• _Work instructions_
Please quote exactly the lines below from the line containing "按照各地国资委披露的监管企业" to the line containing "Young Ukrainian talent", both lines included, and nothing else.

• _Task input_
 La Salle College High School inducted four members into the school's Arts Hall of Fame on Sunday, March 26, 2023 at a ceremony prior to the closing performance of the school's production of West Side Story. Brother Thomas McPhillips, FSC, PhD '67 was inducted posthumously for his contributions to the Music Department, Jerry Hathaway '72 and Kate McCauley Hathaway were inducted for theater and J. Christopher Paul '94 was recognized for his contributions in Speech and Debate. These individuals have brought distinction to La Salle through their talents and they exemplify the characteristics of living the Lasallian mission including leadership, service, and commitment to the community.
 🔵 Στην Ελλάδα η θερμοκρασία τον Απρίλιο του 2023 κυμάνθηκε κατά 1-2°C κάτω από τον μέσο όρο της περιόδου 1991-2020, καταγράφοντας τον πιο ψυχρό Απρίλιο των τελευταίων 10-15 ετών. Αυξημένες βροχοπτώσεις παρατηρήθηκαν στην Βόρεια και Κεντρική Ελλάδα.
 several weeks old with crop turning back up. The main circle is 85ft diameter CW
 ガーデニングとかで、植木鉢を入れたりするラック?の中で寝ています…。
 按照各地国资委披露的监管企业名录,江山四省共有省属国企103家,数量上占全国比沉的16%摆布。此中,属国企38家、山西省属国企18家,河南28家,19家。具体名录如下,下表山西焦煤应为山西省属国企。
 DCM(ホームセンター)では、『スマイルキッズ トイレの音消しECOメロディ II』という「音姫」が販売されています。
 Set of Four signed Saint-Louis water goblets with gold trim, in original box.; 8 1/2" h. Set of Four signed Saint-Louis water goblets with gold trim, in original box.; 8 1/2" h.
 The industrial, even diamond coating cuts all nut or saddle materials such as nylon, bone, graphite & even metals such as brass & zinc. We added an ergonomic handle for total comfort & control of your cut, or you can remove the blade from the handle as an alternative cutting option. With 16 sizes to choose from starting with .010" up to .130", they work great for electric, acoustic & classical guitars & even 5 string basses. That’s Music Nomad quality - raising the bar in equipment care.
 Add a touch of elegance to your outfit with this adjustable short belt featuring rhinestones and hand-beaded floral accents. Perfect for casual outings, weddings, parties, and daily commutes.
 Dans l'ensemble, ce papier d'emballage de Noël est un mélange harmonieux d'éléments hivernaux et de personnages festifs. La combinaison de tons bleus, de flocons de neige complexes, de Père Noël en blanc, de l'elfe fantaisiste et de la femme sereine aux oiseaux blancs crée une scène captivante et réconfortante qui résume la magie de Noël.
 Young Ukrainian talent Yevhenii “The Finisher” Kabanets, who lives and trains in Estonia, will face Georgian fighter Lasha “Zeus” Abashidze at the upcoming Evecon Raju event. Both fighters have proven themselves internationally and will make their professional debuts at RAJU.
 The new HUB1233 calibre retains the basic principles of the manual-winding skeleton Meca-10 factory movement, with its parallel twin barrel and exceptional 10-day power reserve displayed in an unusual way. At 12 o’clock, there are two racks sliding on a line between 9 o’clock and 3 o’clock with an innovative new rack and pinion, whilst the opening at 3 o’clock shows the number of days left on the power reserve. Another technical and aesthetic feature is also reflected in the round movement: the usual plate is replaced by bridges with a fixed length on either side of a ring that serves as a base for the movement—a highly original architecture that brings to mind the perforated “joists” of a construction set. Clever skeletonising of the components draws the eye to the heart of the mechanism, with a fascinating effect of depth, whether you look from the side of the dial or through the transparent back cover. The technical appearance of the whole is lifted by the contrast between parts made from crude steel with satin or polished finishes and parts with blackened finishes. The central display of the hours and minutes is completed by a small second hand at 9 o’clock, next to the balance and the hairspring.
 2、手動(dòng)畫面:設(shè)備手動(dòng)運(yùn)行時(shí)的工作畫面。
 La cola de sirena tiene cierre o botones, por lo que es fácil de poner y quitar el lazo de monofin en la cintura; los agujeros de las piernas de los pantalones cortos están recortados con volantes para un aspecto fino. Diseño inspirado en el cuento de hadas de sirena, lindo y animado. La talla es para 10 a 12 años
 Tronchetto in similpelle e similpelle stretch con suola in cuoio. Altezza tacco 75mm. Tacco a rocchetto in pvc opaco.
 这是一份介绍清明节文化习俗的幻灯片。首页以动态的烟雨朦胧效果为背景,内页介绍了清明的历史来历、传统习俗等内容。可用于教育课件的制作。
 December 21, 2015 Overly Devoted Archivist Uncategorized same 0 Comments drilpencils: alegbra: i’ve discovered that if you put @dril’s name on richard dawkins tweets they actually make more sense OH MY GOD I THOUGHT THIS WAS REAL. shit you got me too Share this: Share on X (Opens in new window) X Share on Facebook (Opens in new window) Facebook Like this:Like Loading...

• _Exercise solution_
 按照各地国资委披露的监管企业名录,江山四省共有省属国企103家,数量上占全国比沉的16%摆布。此中,属国企38家、山西省属国企18家,河南28家,19家。具体名录如下,下表山西焦煤应为山西省属国企。
 DCM(ホームセンター)では、『スマイルキッズ トイレの音消しECOメロディ II』という「音姫」が販売されています。
 Set of Four signed Saint-Louis water goblets with gold trim, in original box.; 8 1/2" h. Set of Four signed Saint-Louis water goblets with gold trim, in original box.; 8 1/2" h.
 The industrial, even diamond coating cuts all nut or saddle materials such as nylon, bone, graphite & even metals such as brass & zinc. We added an ergonomic handle for total comfort & control of your cut, or you can remove the blade from the handle as an alternative cutting option. With 16 sizes to choose from starting with .010" up to .130", they work great for electric, acoustic & classical guitars & even 5 string basses. That’s Music Nomad quality - raising the bar in equipment care.
 Add a touch of elegance to your outfit with this adjustable short belt featuring rhinestones and hand-beaded floral accents. Perfect for casual outings, weddings, parties, and daily commutes.
 Dans l'ensemble, ce papier d'emballage de Noël est un mélange harmonieux d'éléments hivernaux et de personnages festifs. La combinaison de tons bleus, de flocons de neige complexes, de Père Noël en blanc, de l'elfe fantaisiste et de la femme sereine aux oiseaux blancs crée une scène captivante et réconfortante qui résume la magie de Noël.
 Young Ukrainian talent Yevhenii “The Finisher” Kabanets, who lives and trains in Estonia, will face Georgian fighter Lasha “Zeus” Abashidze at the upcoming Evecon Raju event. Both fighters have proven themselves internationally and will make their professional debuts at RAJU.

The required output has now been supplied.